### [Exercise objective]
All the lines below need to be output exactly, apart from any images.

### [Input data]

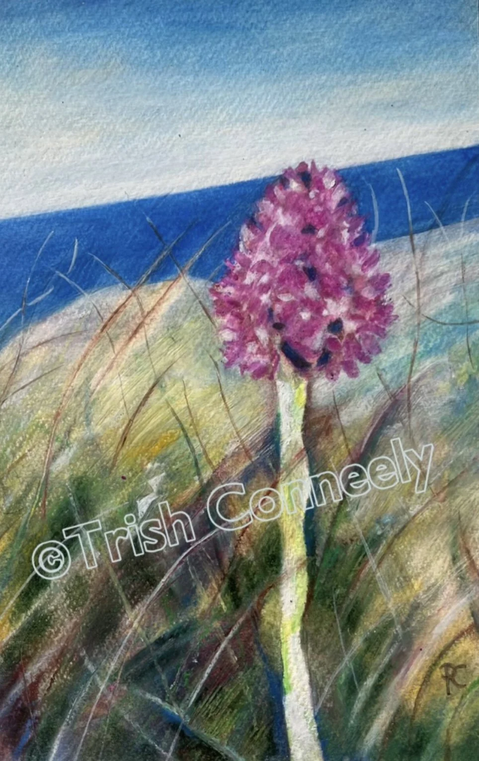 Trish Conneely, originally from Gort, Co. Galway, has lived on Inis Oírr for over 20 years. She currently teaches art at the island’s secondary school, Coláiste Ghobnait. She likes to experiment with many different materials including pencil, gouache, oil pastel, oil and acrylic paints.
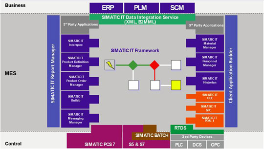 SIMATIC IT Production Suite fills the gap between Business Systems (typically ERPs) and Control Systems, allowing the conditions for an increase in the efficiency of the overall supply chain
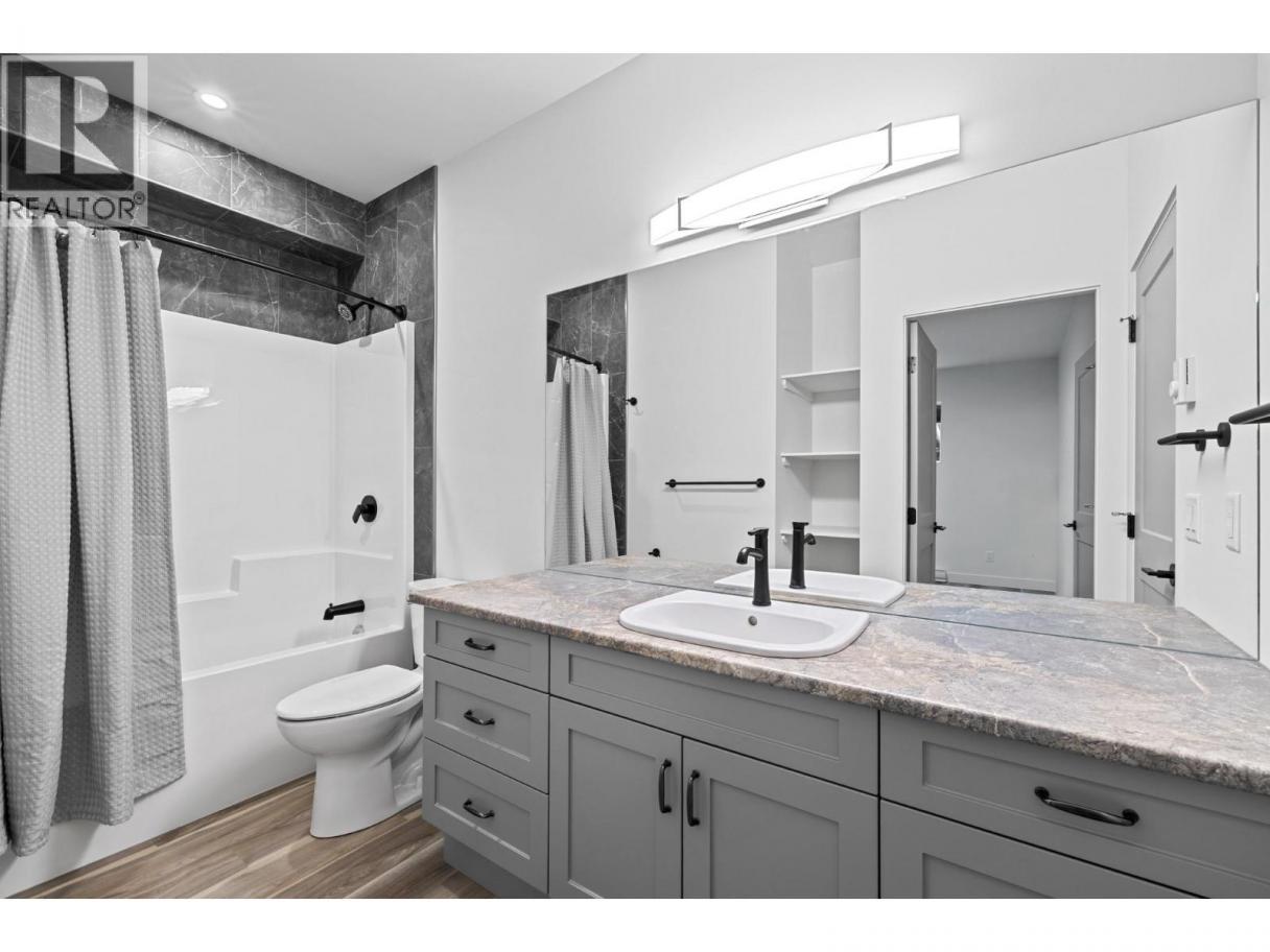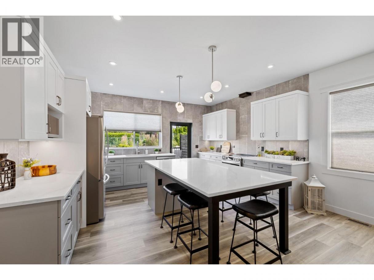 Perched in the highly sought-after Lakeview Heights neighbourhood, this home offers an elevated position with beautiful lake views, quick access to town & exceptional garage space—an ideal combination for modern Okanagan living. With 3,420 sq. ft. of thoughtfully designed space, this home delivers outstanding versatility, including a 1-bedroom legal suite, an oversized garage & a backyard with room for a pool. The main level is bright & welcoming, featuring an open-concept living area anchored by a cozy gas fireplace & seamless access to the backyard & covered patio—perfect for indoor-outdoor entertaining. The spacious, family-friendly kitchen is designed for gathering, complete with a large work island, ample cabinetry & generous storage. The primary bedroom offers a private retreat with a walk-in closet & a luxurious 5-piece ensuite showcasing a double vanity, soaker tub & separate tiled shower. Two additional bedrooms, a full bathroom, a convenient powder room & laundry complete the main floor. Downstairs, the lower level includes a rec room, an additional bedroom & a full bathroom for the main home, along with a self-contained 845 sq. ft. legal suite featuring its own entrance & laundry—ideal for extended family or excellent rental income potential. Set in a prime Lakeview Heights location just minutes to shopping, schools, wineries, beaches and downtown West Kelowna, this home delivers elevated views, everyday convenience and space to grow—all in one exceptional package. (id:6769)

### [Result for this task]
 Trish Conneely, originally from Gort, Co. Galway, has lived on Inis Oírr for over 20 years. She currently teaches art at the island’s secondary school, Coláiste Ghobnait. She likes to experiment with many different materials including pencil, gouache, oil pastel, oil and acrylic paints.
 SIMATIC IT Production Suite fills the gap between Business Systems (typically ERPs) and Control Systems, allowing the conditions for an increase in the efficiency of the overall supply chain
 Perched in the highly sought-after Lakeview Heights neighbourhood, this home offers an elevated position with beautiful lake views, quick access to town & exceptional garage space—an ideal combination for modern Okanagan living. With 3,420 sq. ft. of thoughtfully designed space, this home delivers outstanding versatility, including a 1-bedroom legal suite, an oversized garage & a backyard with room for a pool. The main level is bright & welcoming, featuring an open-concept living area anchored by a cozy gas fireplace & seamless access to the backyard & covered patio—perfect for indoor-outdoor entertaining. The spacious, family-friendly kitchen is designed for gathering, complete with a large work island, ample cabinetry & generous storage. The primary bedroom offers a private retreat with a walk-in closet & a luxurious 5-piece ensuite showcasing a double vanity, soaker tub & separate tiled shower. Two additional bedrooms, a full bathroom, a convenient powder room & laundry complete the main floor. Downstairs, the lower level includes a rec room, an additional bedroom & a full bathroom for the main home, along with a self-contained 845 sq. ft. legal suite featuring its own entrance & laundry—ideal for extended family or excellent rental income potential. Set in a prime Lakeview Heights location just minutes to shopping, schools, wineries, beaches and downtown West Kelowna, this home delivers elevated views, everyday convenience and space to grow—all in one exceptional package. (id:6769)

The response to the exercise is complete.